→ **Saved entries**
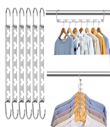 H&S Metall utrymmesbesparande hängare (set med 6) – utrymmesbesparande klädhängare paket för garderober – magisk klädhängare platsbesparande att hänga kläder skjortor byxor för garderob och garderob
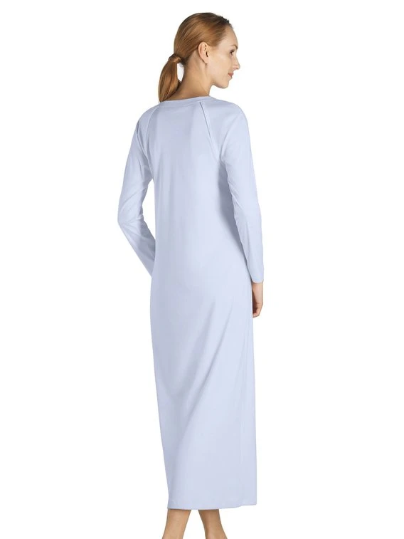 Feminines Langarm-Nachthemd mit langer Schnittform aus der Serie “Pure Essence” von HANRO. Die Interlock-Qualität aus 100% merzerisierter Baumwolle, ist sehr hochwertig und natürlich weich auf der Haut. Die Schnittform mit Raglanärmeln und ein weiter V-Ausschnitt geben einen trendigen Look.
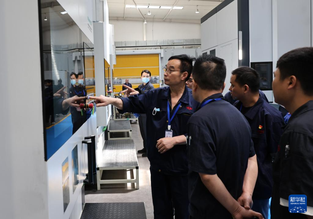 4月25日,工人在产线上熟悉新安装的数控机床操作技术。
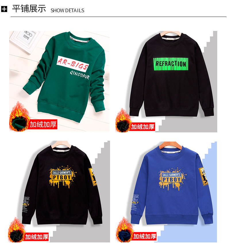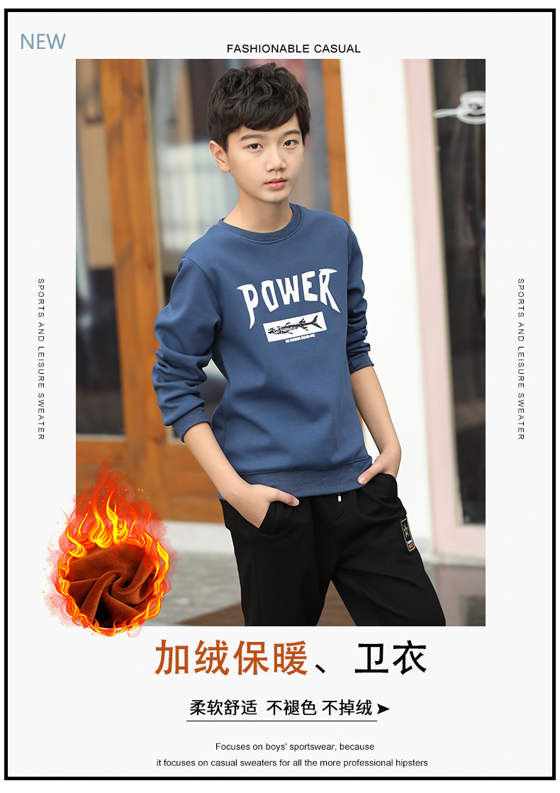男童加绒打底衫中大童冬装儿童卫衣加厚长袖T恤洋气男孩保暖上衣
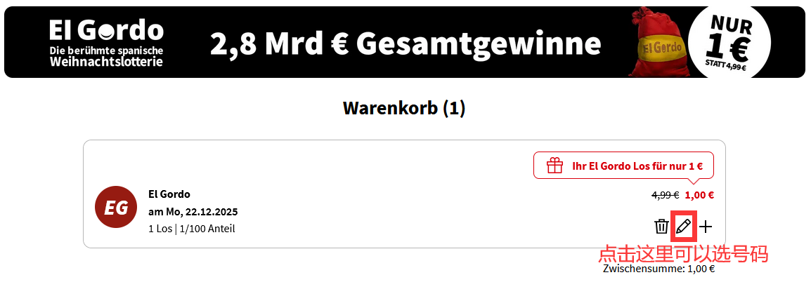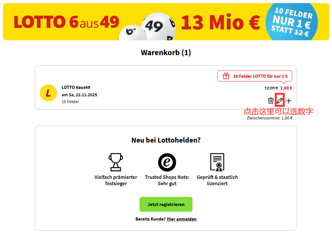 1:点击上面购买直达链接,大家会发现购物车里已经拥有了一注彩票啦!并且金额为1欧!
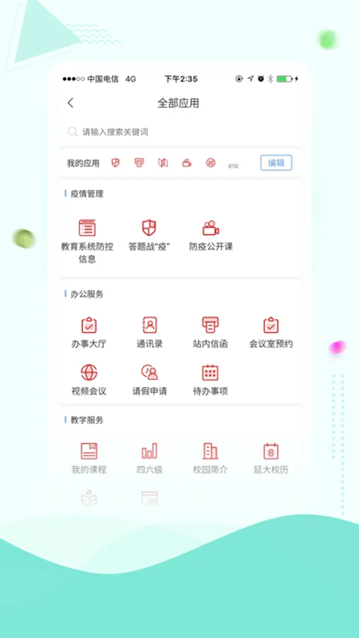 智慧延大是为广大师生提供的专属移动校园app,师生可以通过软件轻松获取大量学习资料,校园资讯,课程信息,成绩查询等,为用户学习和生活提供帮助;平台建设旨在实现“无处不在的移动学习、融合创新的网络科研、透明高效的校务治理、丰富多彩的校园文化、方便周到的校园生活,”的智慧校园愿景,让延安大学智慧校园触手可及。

→ **Task brief**
Here the job is to retype exactly the lines that start at the one containing "4月25日,工人在产线上熟悉新安装的数控机床操作技术。" and run through the end of the records above, leaving out pictures.

→ **Result**
 4月25日,工人在产线上熟悉新安装的数控机床操作技术。
男童加绒打底衫中大童冬装儿童卫衣加厚长袖T恤洋气男孩保暖上衣
 1:点击上面购买直达链接,大家会发现购物车里已经拥有了一注彩票啦!并且金额为1欧!
 智慧延大是为广大师生提供的专属移动校园app,师生可以通过软件轻松获取大量学习资料,校园资讯,课程信息,成绩查询等,为用户学习和生活提供帮助;平台建设旨在实现“无处不在的移动学习、融合创新的网络科研、透明高效的校务治理、丰富多彩的校园文化、方便周到的校园生活,”的智慧校园愿景,让延安大学智慧校园触手可及。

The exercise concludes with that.